- Required action: The full listing, exactly as written and with no images, is the expected output.

- Stored data:
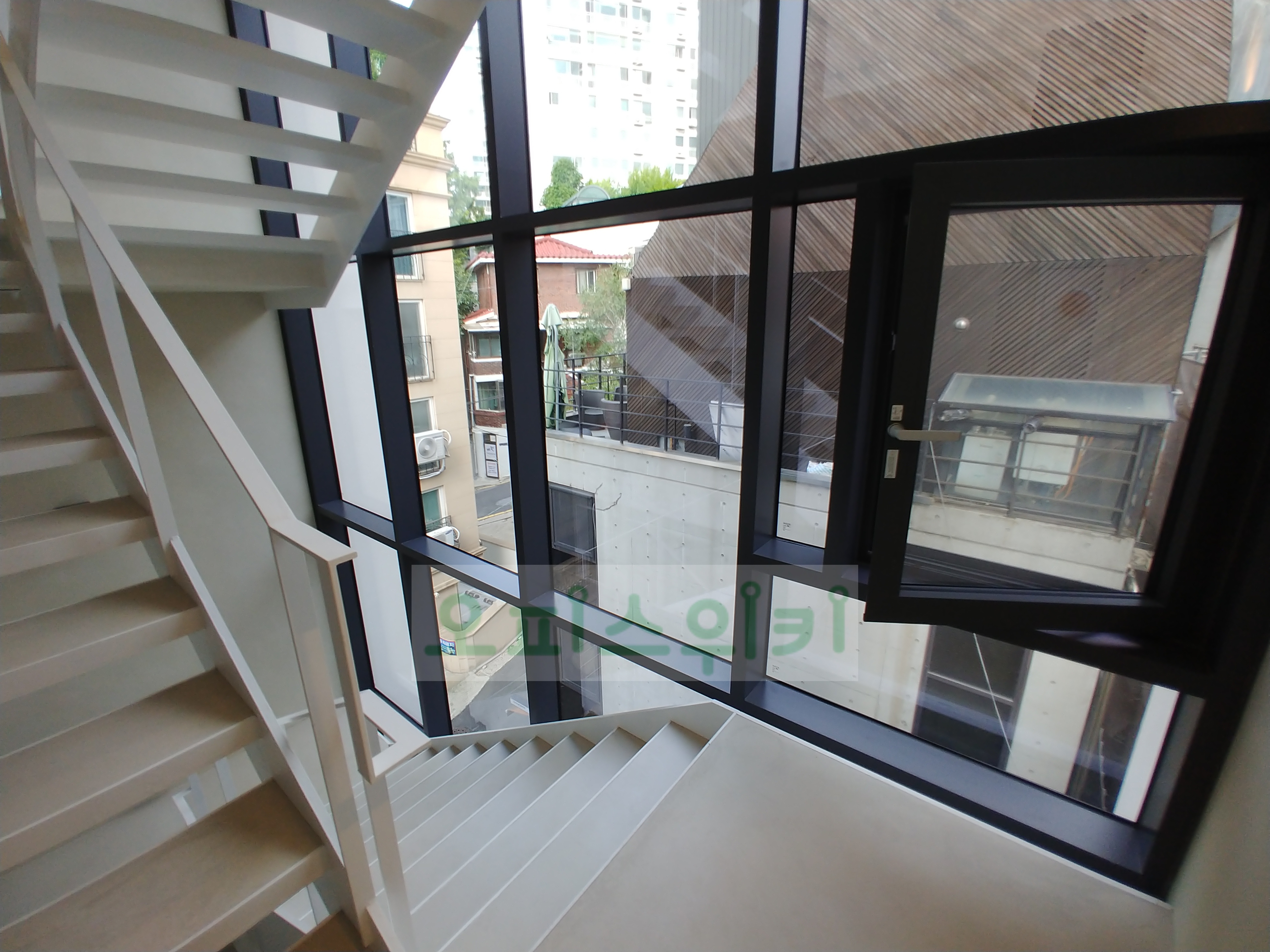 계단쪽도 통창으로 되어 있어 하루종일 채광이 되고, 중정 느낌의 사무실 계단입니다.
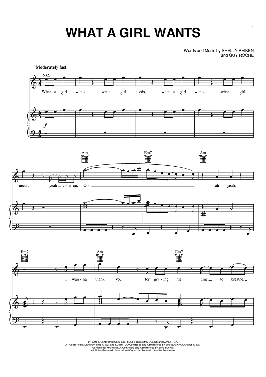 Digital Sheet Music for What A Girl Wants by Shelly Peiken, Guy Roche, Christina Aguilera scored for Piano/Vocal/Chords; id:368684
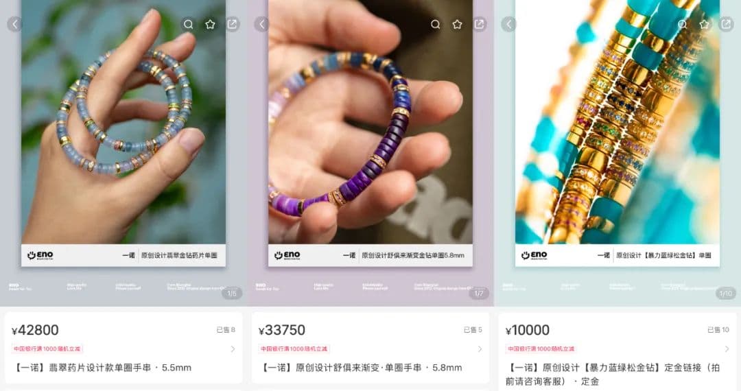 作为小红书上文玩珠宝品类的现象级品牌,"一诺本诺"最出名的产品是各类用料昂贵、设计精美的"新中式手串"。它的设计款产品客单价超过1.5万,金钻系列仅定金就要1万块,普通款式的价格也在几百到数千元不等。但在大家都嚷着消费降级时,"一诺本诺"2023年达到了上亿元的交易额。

- Response area:
 계단쪽도 통창으로 되어 있어 하루종일 채광이 되고, 중정 느낌의 사무실 계단입니다.
 Digital Sheet Music for What A Girl Wants by Shelly Peiken, Guy Roche, Christina Aguilera scored for Piano/Vocal/Chords; id:368684
 作为小红书上文玩珠宝品类的现象级品牌,"一诺本诺"最出名的产品是各类用料昂贵、设计精美的"新中式手串"。它的设计款产品客单价超过1.5万,金钻系列仅定金就要1万块,普通款式的价格也在几百到数千元不等。但在大家都嚷着消费降级时,"一诺本诺"2023年达到了上亿元的交易额。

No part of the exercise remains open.